After 1860, he worked in the studios of Rudolf Jordan, who introduced him to genre painting with folk life motifs. In 1862, he had his first major success when one of his works was purchased by Kaiser Wilhelm I at an exhibition in Brussels. This enabled him to open his own studio in Düsseldorf. He was only there for a year, however, when his father's worsening health forced him to return home and assist with the creation of several altarpieces. After returning to Düsseldorf, he fell ill himself and decided to go back to Sion permanently.

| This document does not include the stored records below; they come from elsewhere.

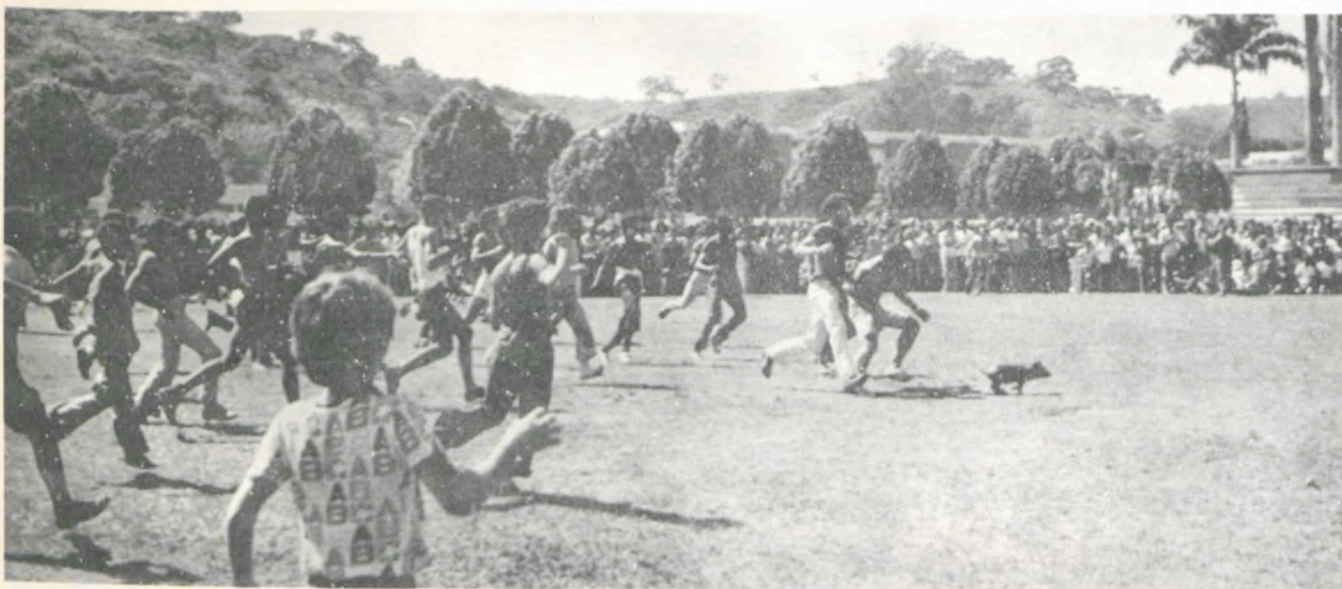
Estudantes e operários participaram da "Corrida do Porco".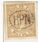
50 Milésimas de Escudo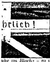
«Nichte infflocht» - ro i

752 norske jøder ble tilintetgjort. 25 kom tilbake.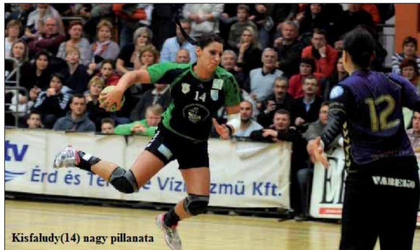
Kisfaludy(14) nagy pillanata

Igazán imponáló januári statisztikai mutatóval, és önbizalomtól duzzadva várhattuk a bajnokság 16. fordulójában a Siófok elleni hazai összecsapást. Jó előjelként felhozható volt a mérkőzés előtt, hogy az év első találkozóján a Vác is nagyot bukott Érden, mint aktuális 3. helyezett.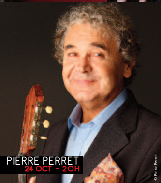
PIERRE PERRET 24 OCT - 20H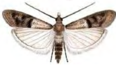
Εικόνα 15. Ενήλικο του είδους Plodia interpunctella .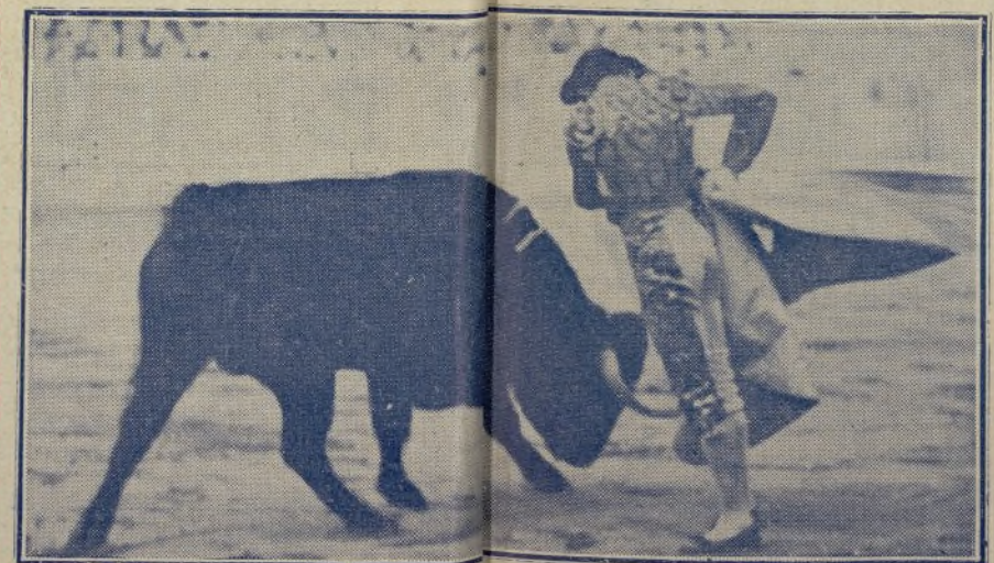
MARCIAL LALANDA , el amo de la lidia taurina en España y casi del extranjero, rematando con media verónica en Barcelona, que levantó al público de sus asientos.

Para demostrar que muchos fracasos han sido convertidos en la prensa en éxitos, reproducimos en este número de TORERIAS, a la salida de un molinete. ¡Y el esjuicio y revistas de los diarios de pado aparece en los medios con la provincia. Demostramos también muleta rodeada al cuerpo, como los con tal procedimiento, que el frío y paletos llevan la faja, y el toro se ha mal temporal de estos días últimos. ¡Catastrófico y definitivo! chos corresponsales. ¡Y temíamos a llEse es el pase de la «pescadilla» a las nieves del Guadarrama! tres kilómetros del toro!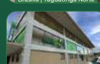
Brasília | Taguatinga Sul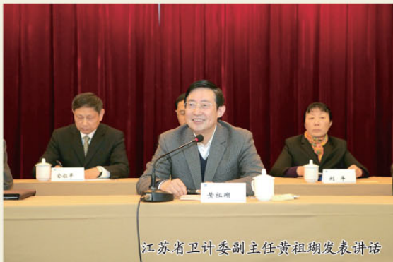
江苏省卫计委副主任黄祖瑚发表讲话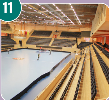
Bilden passar med bokstaven: L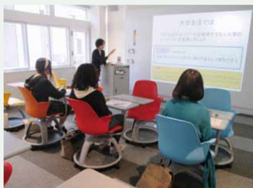
スタディスキルを身につける学習セミナー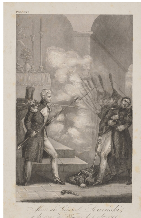
Znany wśród emigracji staloryt Śmierć gen. Józefa Sowińskiego

Szturm wojsk rosyjskich na tę część Warszawy odbył się 6 września. Z powodu dużej przewagi liczebnej Rosjan kilkugodzinna obrona Woli zakończyła się niepowodzeniem, a jej dowódca – pięćdziesięcioletni generał Sowiński zginął. Okoliczności jego śmierci nie są dokładnie znane, ale najczęściej podaje się informacje o zabiciu Sowińskiego na posterunku bojowym, a nie w ukryciu kościoła na Woli. Druga relacja krążyła jednak wśród emigrantów, którzy po upadku powstania listopadowego musieli opuścić ziemię polskie. Do jej utrwalenia przyczynił się między innymi znany na emigracji staloryt, na którym widać generała Sowińskiego stojącego z bagnetem u stóp ołtarza w kościele na Woli oraz sześciu nacierających na niego żołnierzy rosyjskich. Pisano wówczas, że: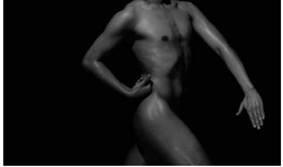
The History of Fuge , 2012 5'33", tek kanallı video 5'33", single-channel video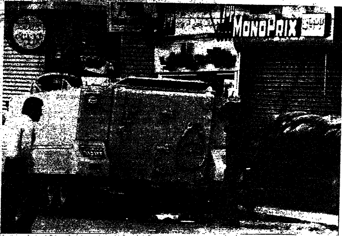
متراس تركه المسجونون وحملتهم رجال الامن في ساحة رياض الصالح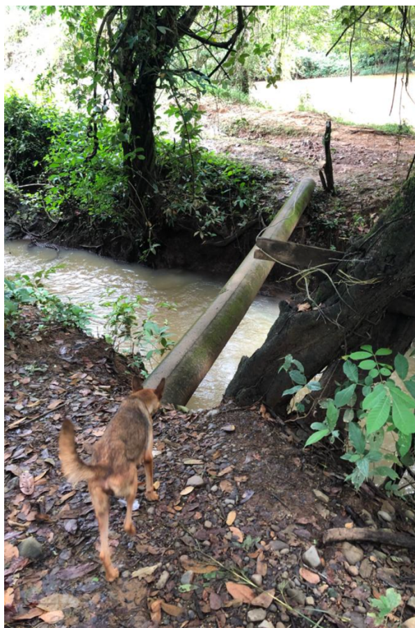
Ilustración 5. Uno de los cruces de quebrada utilizados por la población aledaña al proyecto.

En las tierras aledañas se desarrolla la ganadería extensiva, y en otras se observa la siembra de rubros como el arroz. También existen caseríos dispersos, sin embargo, la zona cuenta con cierta representación de entidades gubernamentales, tales como la Policía Nacional, El Ministerio de Ambiente y representantes de la Junta Comunal.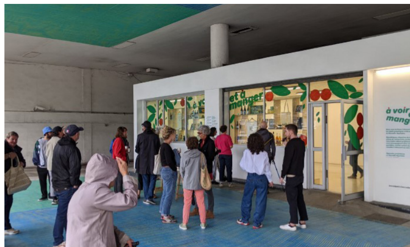
Journée professionnelle "A voir et à manger", le 1er juillet à Bayonne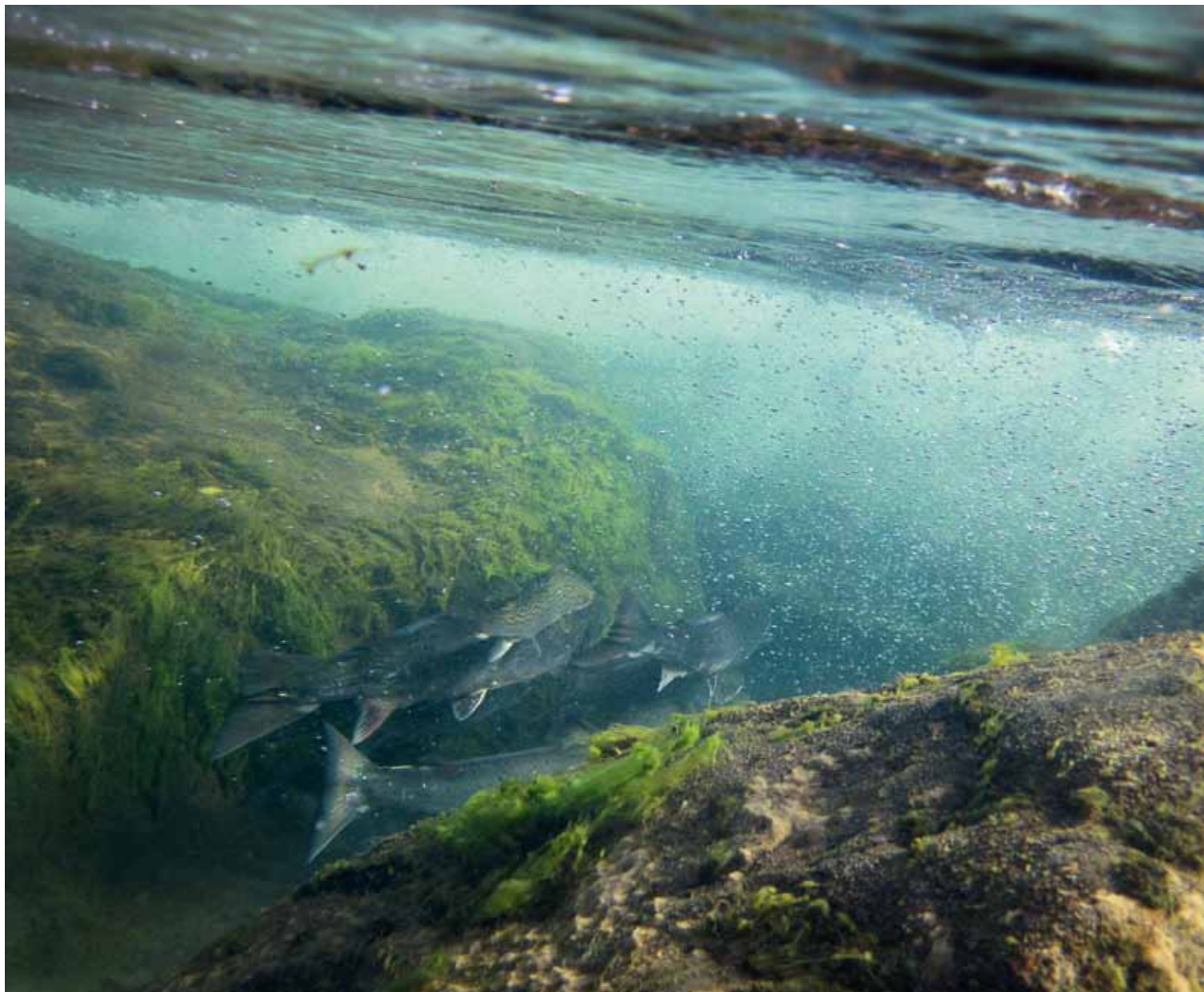
I en lille pool midt i Laxfoss hvilede en lille stime laks sig, før næste vandfald skulle forceres.

med stangen under armen. Da fluen er kommet halvvejs over, skubbes den op af en god trykbølge for at forsvinde i en stor hvirvel. En større laks tumler straks ud af vandet og lander hårdt på forfanget, som heldigvis holder til presset, men krogholdet slipper desværre. De næste par timer, indtil strømmen går i stå, har vi et rigtigt morsomt fiskeri med flere fine fisk på land.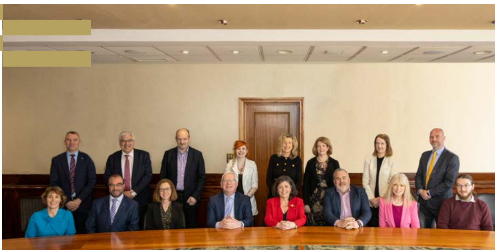
Tionóltar Bord Rialaithe Tionscnaimh Stairiúil TUS den Chéad Uair

“Bhí sár-obair á déanamh sa chúlra ar gach leibhéal den eagraíocht ó bunaíodh TUS breis is sé mhí ó shin – idir chomhtháthú na gcóras agus rolladh amach an bhranda nua. Anois, agus ár mBord Rialaithe méadaithe i bhfeidhm, táimid ag tnúth le tacaíocht a thabhairt d’fhorbairt TUS agus é a stiúradh sa turas dúshlánach ach spreagúil atá amach romhainn,” a dúirt sí.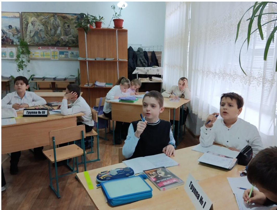
Обучающиеся 5 Б класса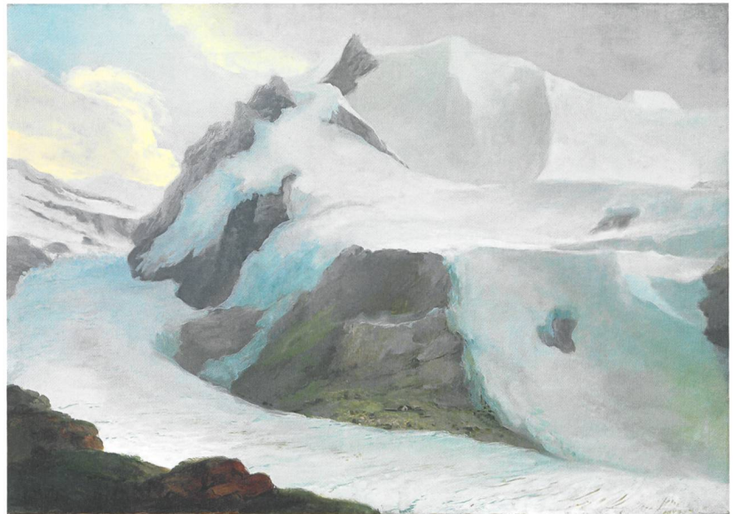
Abb. 3: Grindelwald, Zäsenberg. Caspar Wolf malte 1774 den Blick von der Bänisegg über den Unterer Grindelwaldgletscher und das Fiescherhornmassiv. Auf den grünen Matten des Zäsenbergs steht eine Alphütte. Kunst Museum Winterthur, Stiftung Oskar Reinhart.

Auf diesen Fotografien und einer Skizze von John Sargent von 1870 sind zwei Hütten mit Pultdächern zu sehen, die sich an den auffallenden Felsblock lehnen. Sie sind auch im Gelände noch heute sehr gut erkennbar mit bis zu 2,2 m hohen und 1,5 m starken Trockenmauern (Abb. 4,8 und Abb. 6). Das Gebäude bestand aus zwei Räumen (Innenmasse 3 \times 3 m und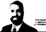
4118 COLUNA PUBLICADA EM 02/06/2024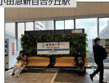
小田急新百合ヶ丘駅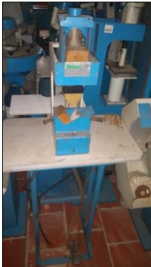
PRENSA HIDRÁULICA EM AÇO CARBONO DIM 450X1600X450MM C/ACIONAMENTO P/PEDAL MARCA HUNSEMAQ.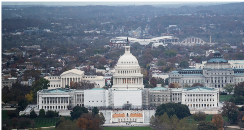
位于美国首都华盛顿的国会大厦(资料图片)。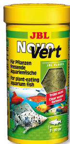
JBL NovoVert Mangime di base: fiocchi per pesci d'acquario erbivori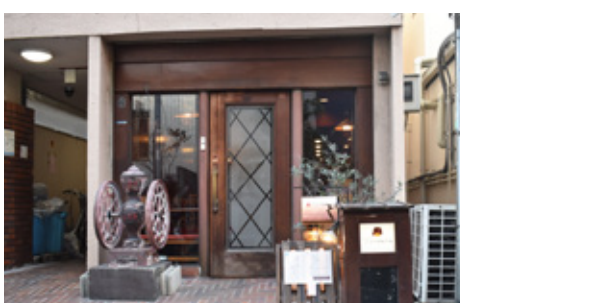
●ニューMASA 〒530-0015 大阪市北区中崎西1-1-16 TEL:06-6373-3445 Instagram:@new_masa.20200404

「もともと譲り店だったし、十年近くやれたし、そろそろ次世代に譲り渡そう」。 M …そうして、ホントに別の方に譲った? マ …はい、譲り店の伝統は守ったわけ(笑)。そして旅に出た。沖縄の友達の店でボランティアで働かせてもらった。それから職探しして、会社で就職。でもねえ、一度自営業を経験すると、サラリーマンは辛いよ。それにお店を譲った方が「そろそろやめたい」って言ってきたから… M …あっさり返り咲いた! マ …ええ、出戻りました(笑)。二〇二〇年四月のことです。でもね、前やってたときの経験を活かして、店のコンセプトを洗い直したんです。まず、営業形態を変えました。平日と土日で違ったりするので、詳しいことはインスタグラムを見てほしいのですが、お昼の時間はカレー屋さん、昼過ぎから夕方までは昭和喫茶、夜は別の人がやるわー。

In the following years, he not only painted, but also wrote numerous works on biology, geology, archaeology and folklore. Many of these writings were published in the yearbooks of the Schweizer Alpen-Club, of which he was a member. In 1874, he stayed at a spa in Albisbrunn where he met and married Caroline Nördlinger, the daughter of an engineer from Tübingen. They had five children, including the mathematician and physicist, Walther Ritz. He was later involved in the creation of the Swiss National Museum and was a member of several groups devoted to historical preservation.

An unspecified illness began to afflict him in 1889 and it led to his death in 1894.